If you want to wake up every 30 minutes, maybe a wind-up kitchen timer? Cheap. loud, easy to set.

Good luck! I'll be interested to hear how this goes.


----------



## Kundalini-Mama (Jul 15, 2002)

what a good idea!

we have an old kitchen timer and when it goes off, it goes bin... (it doesn't even finish the bing.) i forgot that timers don't usually sound like that!

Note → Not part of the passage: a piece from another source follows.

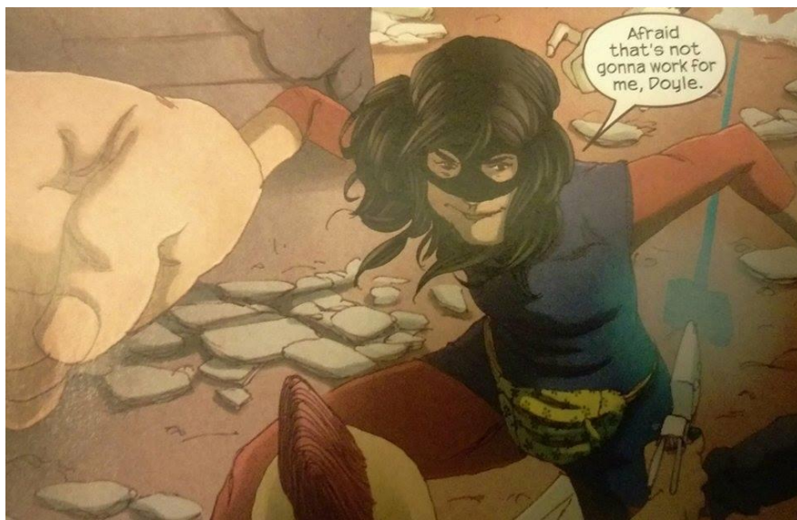
Figure 4: Ms. Marvel from Ms. Marvel: No Normal (Wilson 88).

Madrid states that women heroes like the powerful Storm are still upheld to supermodel standards to attract male readers. Storm simply has to strike a pose and point to use her powers: "For as mighty as X-Men's Storm is, she strikes a pose, extends a hand, unleashes a lightning bolt, and looks great. Just like posing for a picture in Vogue " (Madrid 292). Kamala is obviously not a pose and point character like Storm, as many panels in her series suggest.

the last couple of nights have been good, 2hr stretches, but so far he has woken up twice in the past 2 hrs, and due any time for another awakening







:

i will keep you updated!
amy


----------



## milkymama (Sep 13, 2002)

Wow you must be sooooo tired mama. just sending a big hug







to you.


----------



## Embee (May 3, 2002)

When DS was 4 months or so, he was still waking several times per night. His bedtime was around 7 then. I started waking him at 10pm to change and nurse and then would put him back down. I was hoping that waking and nursing him before I retired for the night, would possibly give me a couple of hours of sleep before he woke up again. He is the king of the "mommy just dropped off" waking!!!









This was the only intentional waking I did but after a couple of months, I realize he was sleeping through to 4 or 5 o clock pretty regularly. When we moved to our new home when he was about 7 months old, DH and I had a little celebration one evening after DS went to bed for the night. We shared a bottle of wine and I decided not to wake DS and nurse because I'd been drinking. I figured he'd wake me in a couple of hours or so. He never did... he went right on sleeping through to 5am?! We went ahead and stopped doing the 10pm waking and I kept thinking that I should have stopped it sooner!









I read about the schedule wakings during the time this was going on and started to realize that perhaps this is what helped us?? I don't know but it does seem like perhaps... not sure how it will work with a toddler but I'd love to keep tabs on your situation!

That said, DS still nightwakes to this day. After a couple of months of the sleeping through, he battled a tough bout of sep anxiety and was up a lot. He still nighwakes but compared to a lot of kids, it's pretty manageable most nights.

best of luck!

Em


----------



## CarolinaS (Nov 21, 2013)

Hi there, Kundalini-Mama.

I just read your post and I'm in the "waking every 40 minutes" for about three months now. I'm wondering if you tried the scheduled awakenings and how it went..

I know it's been a long time, but I would like some long term perspective 

Any advices?

Thanks!


----------